La mise en minorité démographique voulue et organisée comme l’atteste la lettre du 1er ministre français Pierre Messmer, envoyée à son secrétaire d’État aux Dom-Tom en 1972, est actée depuis belle lurette. Les Kanaks vont passer de 96 % de la population sur l’île à l’arrivée de Napoléon III, à 63 %. C’est le début de la fin. La tendance n’a fait que s’accentuer. En 2014, ils ne représentaient plus que 39 %. Pour compenser ce déséquilibre démographique, des corps électoraux spécifiques sont donc créés. Seulement, aux premières discussions officielles sur l’autodétermination en 1983, les Kanaks feront naïvement preuve d’honnêteté en reconnaissant que les “victimes de l’Histoire”, ceux contraints de s’y installer par l’administration coloniale, fassent également partie du corps électoral. L’État saisit l’aubaine et falsifie la déclaration finale en avançant que le droit à l’autodétermination doit être ouvert à tout le monde. Ce faisant, il a imposé dans le corps électoral la colonie de peuplement qu’il a lui-même organisée.

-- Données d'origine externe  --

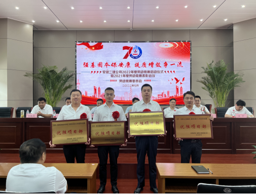啟動(dòng)儀式上,公司黨委委員、副總經(jīng)理葉和永通報(bào)了2021年度“學(xué)黨史、保安康、搶工期、爭(zhēng)一流”勞動(dòng)競(jìng)賽考核結(jié)果及表彰的決定。會(huì)議表彰了2021年度勞動(dòng)競(jìng)賽優(yōu)勝單位、優(yōu)勝項(xiàng)目部。第三分公司、第四分公司等2家被授予“2021年度勞動(dòng)競(jìng)賽優(yōu)勝單位”稱號(hào),宿州應(yīng)用技術(shù)學(xué)校、亳州濱江壹號(hào)、淮北鉑悅府、阜陽(yáng)沃達(dá)星海城項(xiàng)目等4個(gè)項(xiàng)目被授予“2021年度勞動(dòng)競(jìng)賽優(yōu)勝項(xiàng)目部”稱號(hào)。

Cette décision soudaine, d’élargir ce droit de vote, minorise les voix des Kanaks et éteint définitivement le mouvement indépendantiste. Elle sera votée par l’Assemblée nationale avec un relent de non-respect des accords antérieurs. Au-dessus de tout, Macron court-circuite le 3e référendum, le dernier et le plus décisif qui devrait se tenir en 2022. Mais son gouvernement décide de l’avancer en 2021, en pleine crise covid. Le taux d’abstention a été révélateur entraînant le refus à l’indépendance majoré à 96 %, après un refus de report. Malgré l’illégitimité de ce résultat, la Nouvelle Calédonie restera donc française. C’est dans ce contexte qu’a débuté cette nouvelle vague d’affrontements. Des centaines de blessés et plusieurs morts jonchent désormais l’île. L’implosion de la Nouvelle-Calédonie si l’on n’y prend garde, deviendrait une autre tare humanitaire aux mains de la France. Ses médias parlent de haine anti-blanc, de guerre anti-blanc voire clash des civilisations, mais jamais de revendication d’indépendance.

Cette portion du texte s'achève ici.